** TASK DETAILS **
Please count the lines in the data below that mention the word "імпорتنної", then give only the total.

** SOURCE MATERIAL **

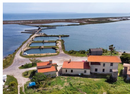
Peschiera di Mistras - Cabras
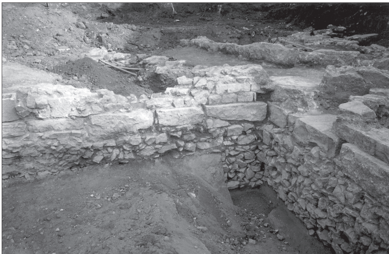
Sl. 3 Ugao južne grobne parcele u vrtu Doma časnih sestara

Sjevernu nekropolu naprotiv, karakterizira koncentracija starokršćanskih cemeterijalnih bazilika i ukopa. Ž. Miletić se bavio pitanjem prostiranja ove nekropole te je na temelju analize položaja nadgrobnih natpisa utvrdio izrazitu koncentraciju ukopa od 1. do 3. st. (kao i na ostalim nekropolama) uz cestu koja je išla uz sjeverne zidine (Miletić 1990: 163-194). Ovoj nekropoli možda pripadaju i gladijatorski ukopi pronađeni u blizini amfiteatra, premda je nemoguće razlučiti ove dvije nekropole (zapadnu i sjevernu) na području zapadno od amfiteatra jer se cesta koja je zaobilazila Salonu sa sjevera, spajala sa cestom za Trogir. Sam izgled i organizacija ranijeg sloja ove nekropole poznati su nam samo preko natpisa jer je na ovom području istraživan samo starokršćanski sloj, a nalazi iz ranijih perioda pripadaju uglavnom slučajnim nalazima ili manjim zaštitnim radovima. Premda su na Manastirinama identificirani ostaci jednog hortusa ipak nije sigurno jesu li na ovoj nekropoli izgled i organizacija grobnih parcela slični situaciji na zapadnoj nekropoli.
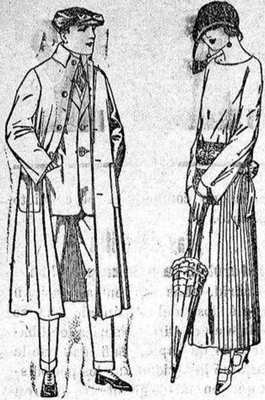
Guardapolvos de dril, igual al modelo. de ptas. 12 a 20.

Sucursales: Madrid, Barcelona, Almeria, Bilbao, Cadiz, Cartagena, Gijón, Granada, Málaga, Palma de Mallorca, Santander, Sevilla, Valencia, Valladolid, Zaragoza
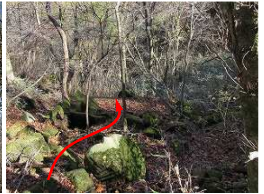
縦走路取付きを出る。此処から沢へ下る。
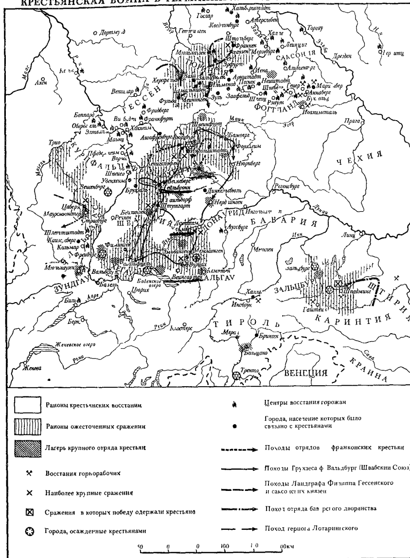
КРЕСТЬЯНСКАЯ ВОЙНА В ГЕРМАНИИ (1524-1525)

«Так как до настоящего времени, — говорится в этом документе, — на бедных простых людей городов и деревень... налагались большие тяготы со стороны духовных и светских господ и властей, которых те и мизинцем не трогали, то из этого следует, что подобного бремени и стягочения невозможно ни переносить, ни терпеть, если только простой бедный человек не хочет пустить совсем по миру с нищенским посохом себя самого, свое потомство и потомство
* * *
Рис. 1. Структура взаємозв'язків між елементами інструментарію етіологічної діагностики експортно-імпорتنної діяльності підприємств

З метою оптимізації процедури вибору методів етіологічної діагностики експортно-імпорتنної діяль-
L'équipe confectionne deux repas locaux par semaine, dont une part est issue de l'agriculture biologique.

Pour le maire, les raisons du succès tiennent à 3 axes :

** SOLUTION TO THE EXERCISE **
2